「陸前高田市における人的被害の特徴(速報)」を公表します
静岡大学防災総合センター牛山研究室では,岩手県陸前高田市役所の協力を得て,東日本大震災にともなう同市内の人的被害(犠牲者)に関する解析を進めている.今回,犠牲者居住地に関する集計結果が得られたので,速報として報告する.なお,データについては現在精査を進めており,今後集計結果が変化する可能性がある.
主な結果を要約すると以下の通りである.
- 陸前高田市の死者・行方不明者数は1月13日現在1852人.浸水域人口に対する犠牲者率は11.13%で,宮城県女川町(11.63%)に次いで多い.この犠牲者率は近年の日本の自然災害としては極端に高いが,岩手県内では明治三陸地震津波時の犠牲者率よりは低い傾向にあり,陸前高田市も同様である.

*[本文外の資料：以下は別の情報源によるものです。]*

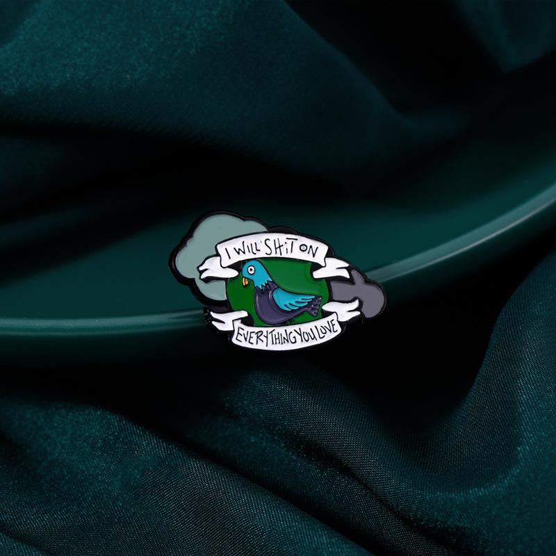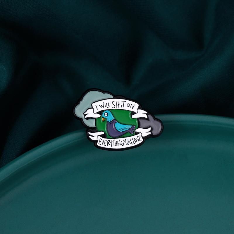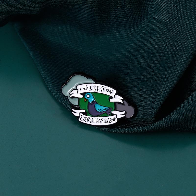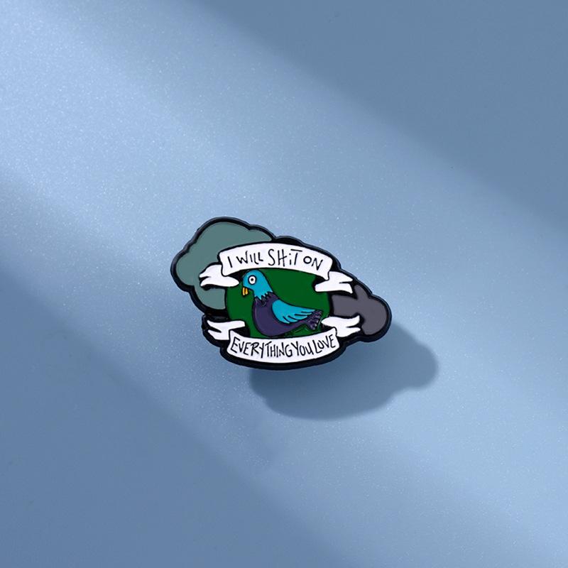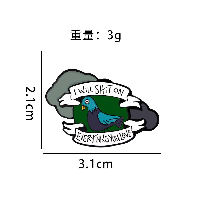 Broche de joyería de aleación con letras populares de comercio electrónico transfronterizo, insignia de pintura con forma de paloma de dibujos animados creativos, venta al por mayor

- 標高が低く(平均標高5m以下),人口密度の高い(おおむね1000人/km2以上)地区で犠牲者率が高い(おおむね20%以上)傾向が見られる.
- 海岸近くでも,標高が高く人口密度の低い地区では犠牲者率が低く,標高が低く人口密度も低い地区も同様である.
- 陸前高田市では,海岸近くの低地にもともと定住人口が少なく,海岸近くの低地(想定浸水深が深い)場所で犠牲者率が低い(あるいは高い)といった傾向は読み取れない.